◆ WORK ITEM ◆
Print out the data below in full and exactly, skipping the pictures.

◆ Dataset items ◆
= Beginning of Section =
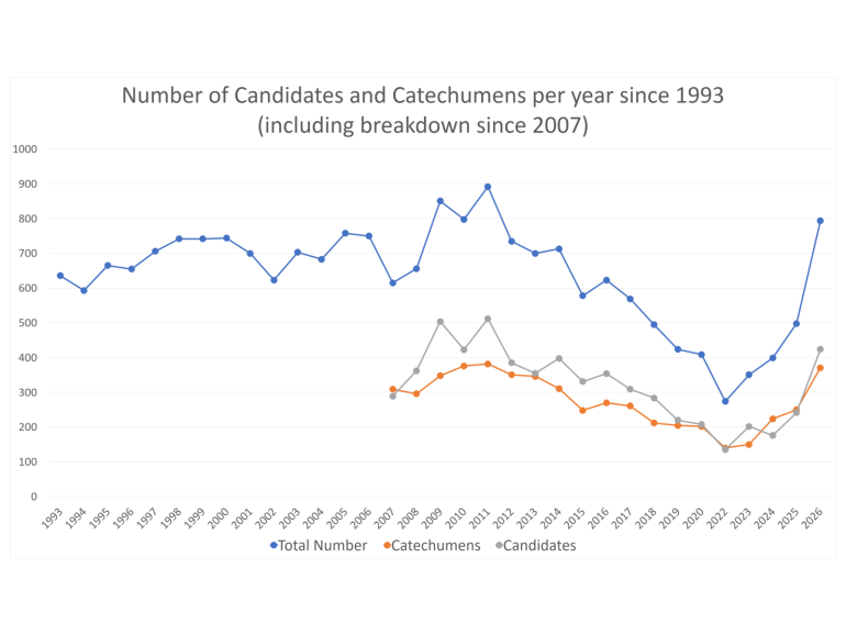 Xét về số lượng, khóa năm 2026 là khóa lớn thứ tư kể từ khi giáo phận bắt đầu lưu trữ hồ sơ vào năm 1993. Số người gia nhập Giáo hội Công giáo cao nhất là vào năm 2011, với 891 người, bao gồm 63 ứng viên gia nhập qua Bản Quy chế Cá nhân dành cho những người Anh giáo trước đây.Từ năm 1993 đến khoảng năm 2014, mức tham gia tương đối ổn định, sau đó giảm dần và chạm mức thấp nhất vào năm 2022 trong thời kỳ đại dịch. Từ đó đến nay, con số đã tăng mạnh, đạt mức chưa từng thấy trong mười lăm năm. Khóa năm nay tăng 60% so với năm 2025.
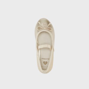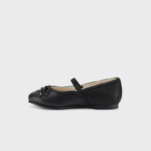 Elegant, feminine ballerina pumps for Girls. This will be the finishing touch for all of their most special outfits. Shoes with inner lining and leather insole. Non-slip and flexible rubber sole. Adjustable velcro strap which guarantees a perfect fit. Decorative elements: bow applique, sequins.
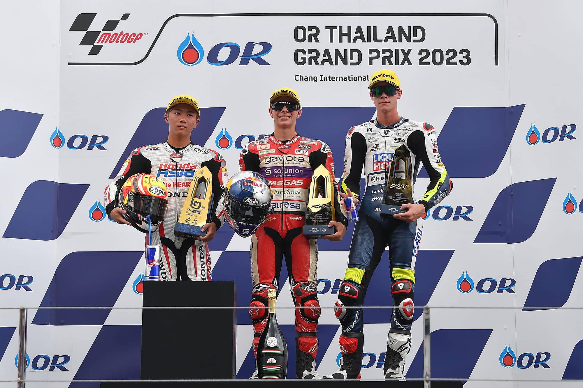 ส่วนนักบิดดาวรุ่งชาวไทยที่ลงบิดด้วยสิทธิ์ไวลด์การ์ดในรุ่น โมโตทรี เวิลด์ แชมเปี้ยนชิพ ปรากฏว่า “ไอเดีย” กฤตภัทร เขื่อนคำ จาก ยามาฮ่า ไทยแลนด์ เรซซิ่ง – โบเอ บิดเข้าป้ายอันดับ 27 ตามด้วย “ก๊องส์” ธัชกร บัวศรี จาก ฮอนด้า ทีม เอเชีย ในอันดับ 28
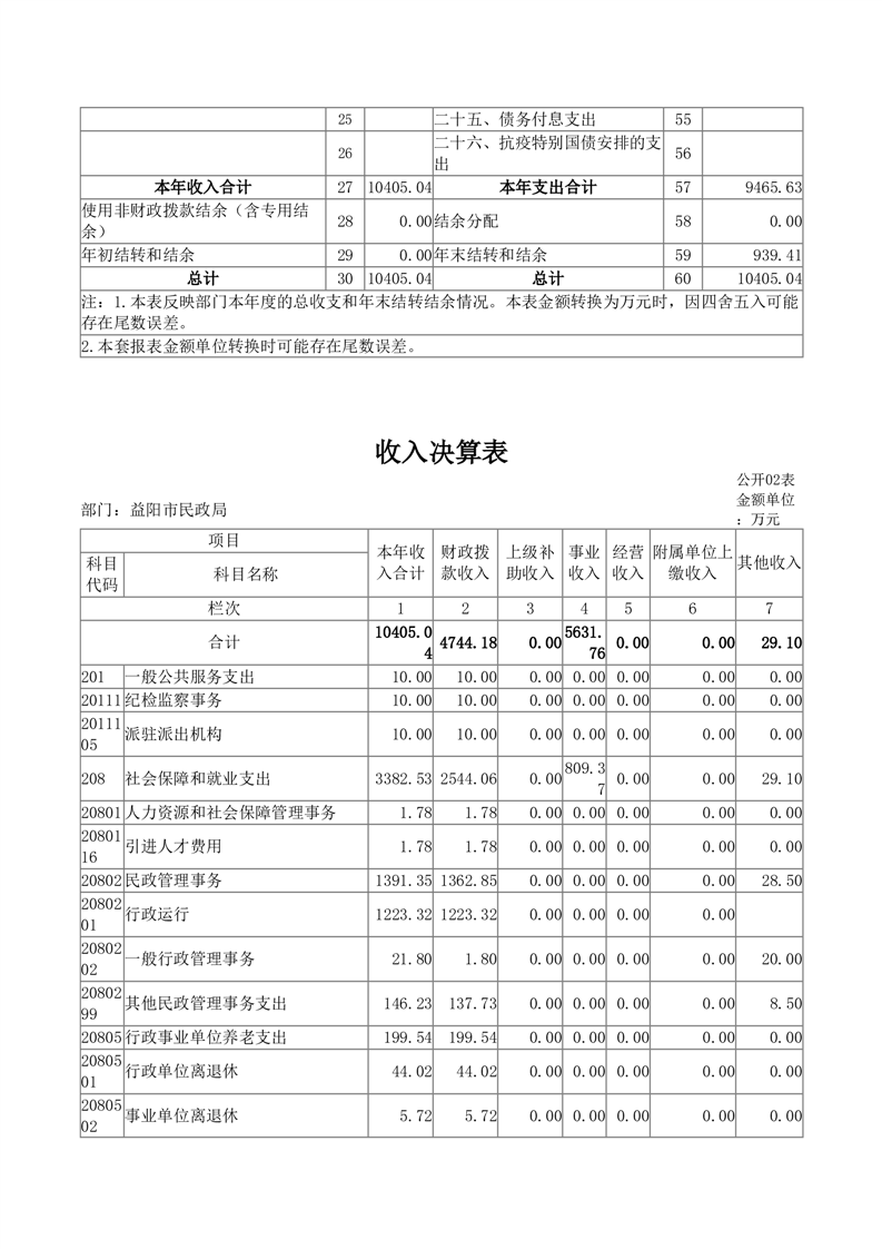 2024年度益阳市民政局部门决算
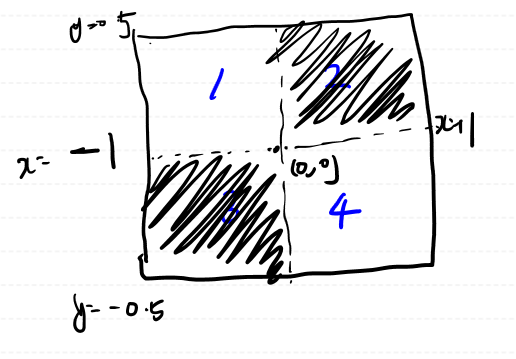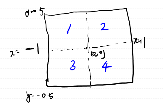 floor(p.x) 는 1번 영역은 -1, 2번 영역 0 , 3번 영역 -1, 4번 영역 0 이다.
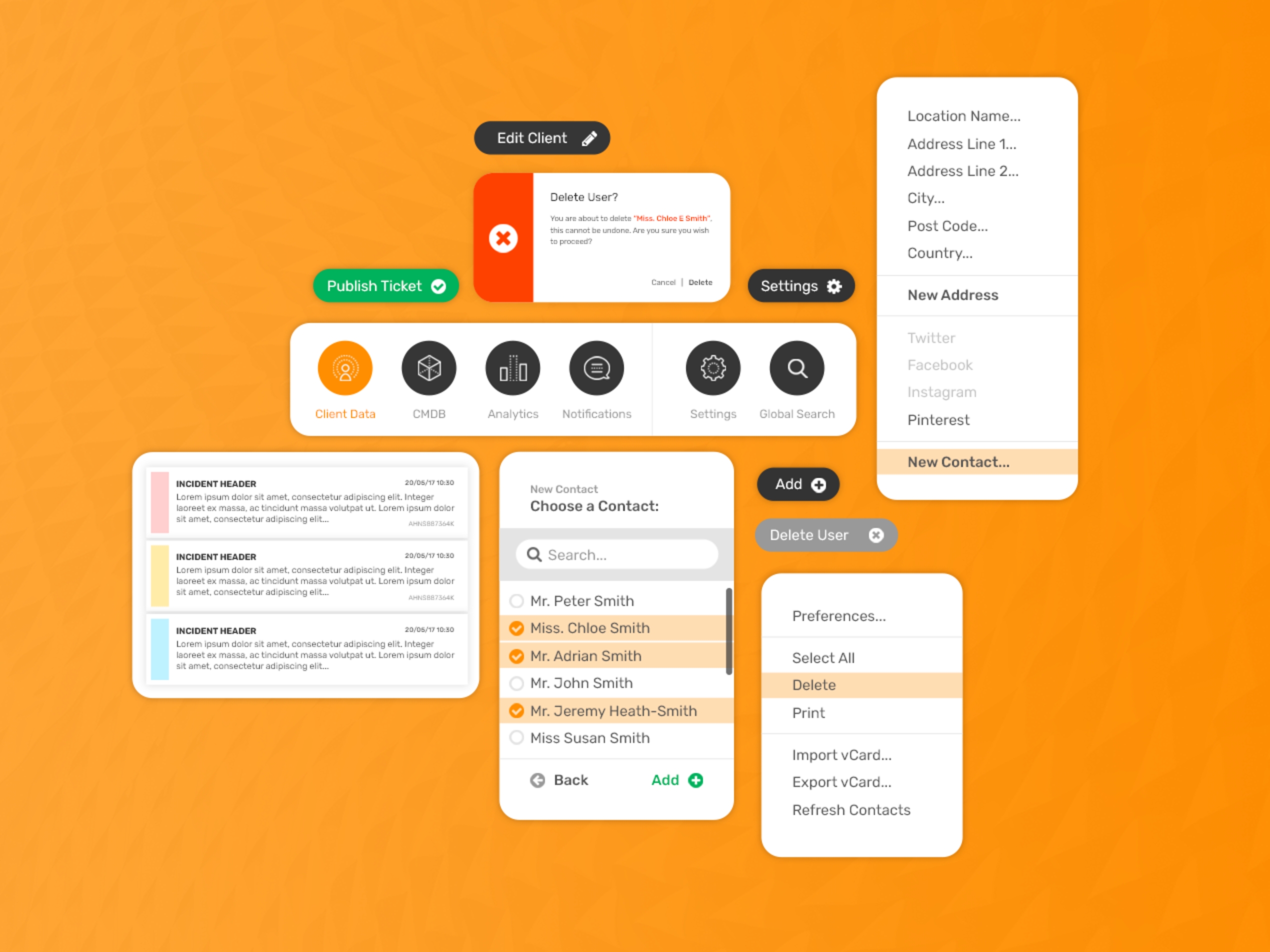 The interface keeps information density high while staying scannable. Orange accents guide users through workflows, while a restrained palette keeps the focus where it belongs - on the content.
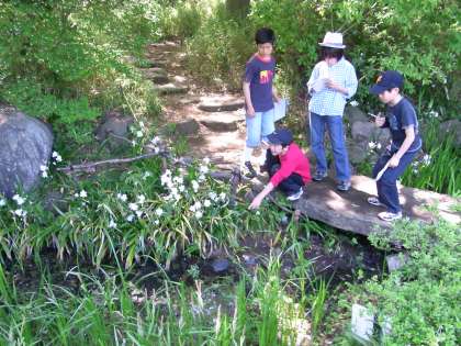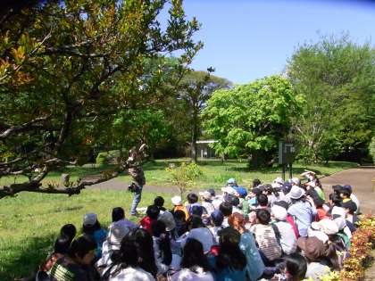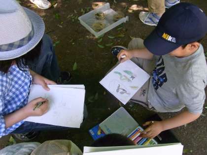 山野小学校から歩いて15分のところにある桜丘すみれば公園は、四季折々の姿を見せてくれます。生き物や、お花や木々が子どもたちを迎えてくれます。4年生の理科の授業では、季節ごとの自然について学ぶ単元があります。まさにそれを体験できる素晴らしい場所が身近にあるのです。子どもたちは、見たり触ったりにおいをかいだり耳を澄ましたりと、春を体中で感じていました。自分の木を決め、これから1年間、観察していきます。
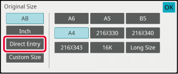 After tapping the "Scan Size" key, tap the [Direct Entry] key.
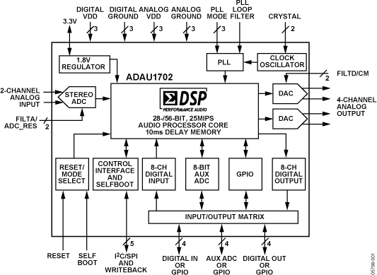 SigmaDSP 28-/56-Bit Audio Processor with Two ADCs and Four DACs
= End of Section =
◆ RESULT ◆
 Xét về số lượng, khóa năm 2026 là khóa lớn thứ tư kể từ khi giáo phận bắt đầu lưu trữ hồ sơ vào năm 1993. Số người gia nhập Giáo hội Công giáo cao nhất là vào năm 2011, với 891 người, bao gồm 63 ứng viên gia nhập qua Bản Quy chế Cá nhân dành cho những người Anh giáo trước đây.Từ năm 1993 đến khoảng năm 2014, mức tham gia tương đối ổn định, sau đó giảm dần và chạm mức thấp nhất vào năm 2022 trong thời kỳ đại dịch. Từ đó đến nay, con số đã tăng mạnh, đạt mức chưa từng thấy trong mười lăm năm. Khóa năm nay tăng 60% so với năm 2025.
 Elegant, feminine ballerina pumps for Girls. This will be the finishing touch for all of their most special outfits. Shoes with inner lining and leather insole. Non-slip and flexible rubber sole. Adjustable velcro strap which guarantees a perfect fit. Decorative elements: bow applique, sequins.
 ส่วนนักบิดดาวรุ่งชาวไทยที่ลงบิดด้วยสิทธิ์ไวลด์การ์ดในรุ่น โมโตทรี เวิลด์ แชมเปี้ยนชิพ ปรากฏว่า “ไอเดีย” กฤตภัทร เขื่อนคำ จาก ยามาฮ่า ไทยแลนด์ เรซซิ่ง – โบเอ บิดเข้าป้ายอันดับ 27 ตามด้วย “ก๊องส์” ธัชกร บัวศรี จาก ฮอนด้า ทีม เอเชีย ในอันดับ 28
 2024年度益阳市民政局部门决算
 floor(p.x) 는 1번 영역은 -1, 2번 영역 0 , 3번 영역 -1, 4번 영역 0 이다.
 The interface keeps information density high while staying scannable. Orange accents guide users through workflows, while a restrained palette keeps the focus where it belongs - on the content.
 山野小学校から歩いて15分のところにある桜丘すみれば公園は、四季折々の姿を見せてくれます。生き物や、お花や木々が子どもたちを迎えてくれます。4年生の理科の授業では、季節ごとの自然について学ぶ単元があります。まさにそれを体験できる素晴らしい場所が身近にあるのです。子どもたちは、見たり触ったりにおいをかいだり耳を澄ましたりと、春を体中で感じていました。自分の木を決め、これから1年間、観察していきます。
 After tapping the "Scan Size" key, tap the [Direct Entry] key.
 SigmaDSP 28-/56-Bit Audio Processor with Two ADCs and Four DACs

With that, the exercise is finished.